(409b) Process Development to Avoid Meta-Stable Liquid-Liquid Phase Separation during Crystallization of API

Crystallization is a critical unit operation in the production of small molecule active pharmaceutical ingredients (APIs), as it often determines the form and powder properties of the product. Therefore, crystallization process development focuses on identifying conditions that are controlled and scalable. In general, liquid-liquid phase separation or oiling out of product are undesirable as they may lead to uncontrolled nucleation and growth of particles that impacts critical quality attributes, such as particle size and level of impurities. Therefore, understanding liquid-liquid phase equilibria and solubility of the compound is critical in designing crystallization processes.

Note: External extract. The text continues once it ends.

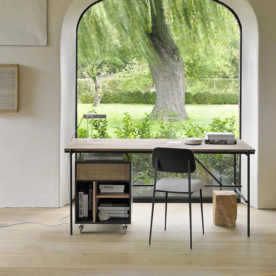 Hay quien prefiere los muebles con aspecto minimalista, otros necesitan más almacenamiento y organización. Ya que busque lo primero o lo segundo, el escritorio Oscar está disponible con o sin cajones. Diseñado por Alain van Havre y fabricado con puertas de cajón de teca talladas a mano por artesanos. La encimera puede venir en roble o teca.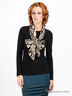 Стильный лонгслив из приятного на ощупь материала. Горловина декорирована шарфом со змеиным принтом.

This presentation will describe how we experimentally investigated the liquid-liquid phase separation that occurred during crystallization of a small molecule API in a ternary solvent system of tetrahydrofuran, acetone and water. Although these solvents are typically miscible, the presence of the API resulted in liquid-liquid phase separation at the seed point under some conditions. In-line process analytical tools such as ParticleViewer and FBRM were incorporated to detect and understand the phenomena. A detailed phase diagram was generated for the crystallization design space as a function of solvent composition, concentration of API in solution and temperature. Along with solubility data, the phase diagram was used to design a process that avoids liquid-liquid phase separation throughout the entire crystallization. In addition, we will describe the impact of wet-milling during seed age that was implemented to ensure that full desupersaturation was achieved, which was critical in avoiding phase separation.